Re: [PATCHv2 3/4] pci: Determine actual VPD size on first access
From: Alexander Duyck
Date: Wed Aug 10 2016 - 14:29:00 EST
On Tue, Aug 9, 2016 at 5:03 PM, Benjamin Herrenschmidt
<benh@xxxxxxxxxxxxxxxxxxx> wrote:
> On Tue, 2016-08-09 at 11:12 -0700, Alexander Duyck wrote:
>>
>> The PCI spec is what essentially assumes that there is only one block.

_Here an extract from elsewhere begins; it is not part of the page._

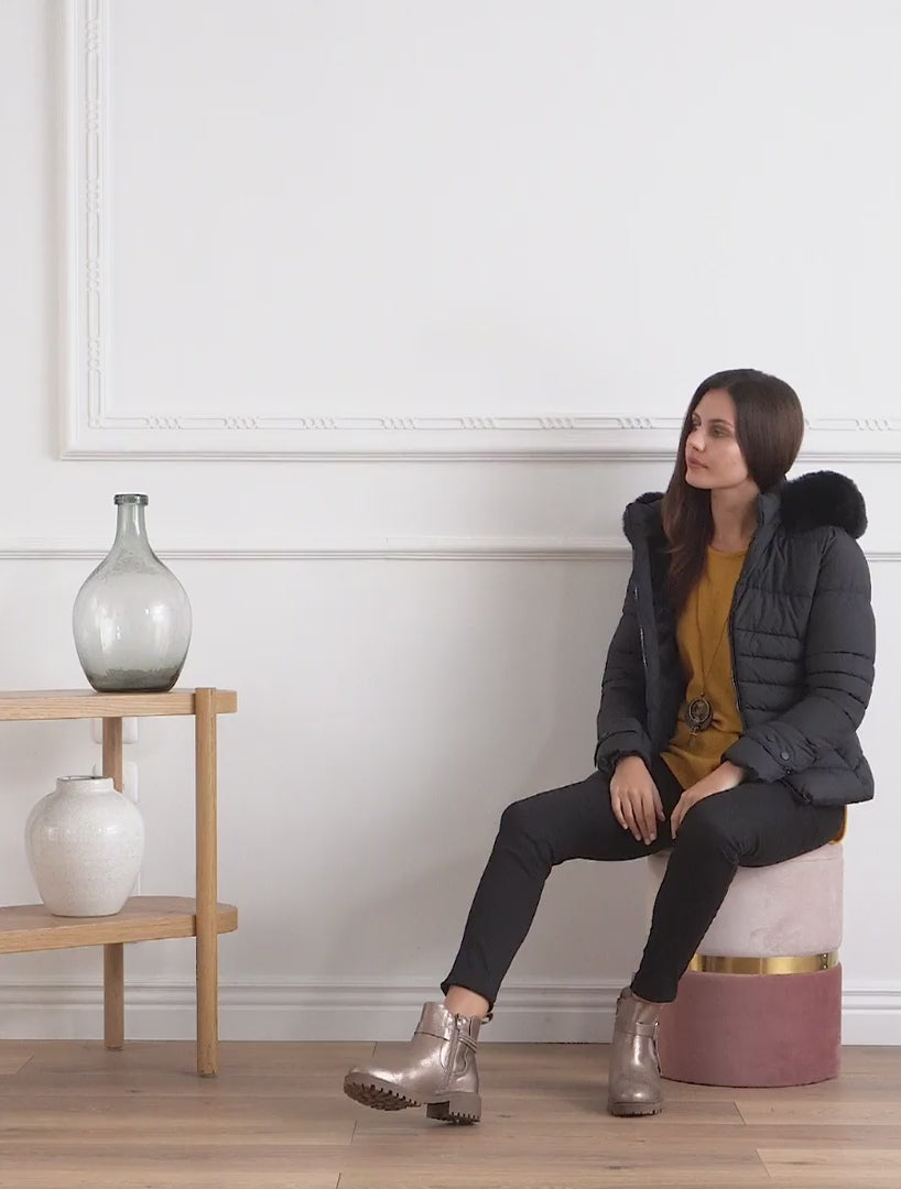 Doudoune capuche fourrure amovible - Noir
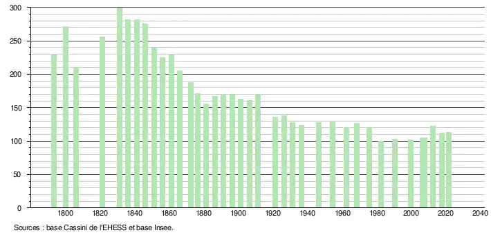 L'évolution du nombre d'habitants est connue à travers les recensements de la population effectués dans la commune depuis 1793. Pour les communes de moins de 10 000 habitants, une enquête de recensement portant sur toute la population est réalisée tous les cinq ans, les populations légales des années intermédiaires étant quant à elles estimées par interpolation ou extrapolation[27]. Pour la commune, le premier recensement exhaustif entrant dans le cadre du nouveau dispositif a été réalisé en 2007[28].

>> If I am not mistaken in the case of this device the second block here
>> actually contains device configuration data, not actual VPD data. The
>> issue here is that the second block is being accessed as VPD when it
>> isn't.
>
> Devices do funny things with config space, film at 11. VFIO trying to
> be the middle man and intercept/interpret things is broken, cannot work,
> will never work, will just results in lots and lots of useless code, but
> I've been singing that song for too long and nobody seems to care...
>
>> > > #0000 Large item 42 bytes; name 0x2 Identifier String
>> > #002d Large item 74 bytes; name 0x10
>> > #007a Small item 1 bytes; name 0xf End Tag
>> > ---
>> > #0c00 Large item 16 bytes; name 0x2 Identifier String
>> > #0c13 Large item 234 bytes; name 0x10
>> > #0d00 Large item 252 bytes; name 0x11
>> > #0dff Small item 0 bytes; name 0xf End Tag
>>
>> The second block here is driver proprietary setup bits.
>
> Right. They happen to be in VPD on this device. They an be elsewhere on
> other devices. In between capabilities on some, in vendor caps on others...
>
>> > > The cxgb3 driver is reading the second bit starting from 0xc00 but since
>> > the size is wrongly detected as 0x7c, VFIO blocks access beyond it and the
>> > guest driver fails to probe.
>> >
>> > I also cannot find a clause in the PCI 3.0 spec saying that there must be
>> > just a single block, is it there?
>>
>> > The problem is we need to be able to parse it.
>
> We can parse the standard part for generic stuff like inventory tools
> or lsvpd, but we shouldn't get in the way of the driver poking at its
> device.
If we add the quirk to the kernel that reports the VPD for this device
is the actual size of both blocks then we wouldn't be blocking the VPD
access like we currently are.
The problem is if we don't do this it becomes possible for a guest to
essentially cripple a device on the host by just accessing VPD regions
that aren't actually viable on many devices. We are much better off
in terms of security and stability if we restrict access to what
should be accessible. In this case what has happened is that the
vendor threw in an extra out-of-spec block and just expected it to
work. In order to work around it we just need to add a small function
to drivers/pci/quirks.c that would update the VPD size reported so
that it matches what the hardware is actually providing instead of
what we can determine based on the VPD layout.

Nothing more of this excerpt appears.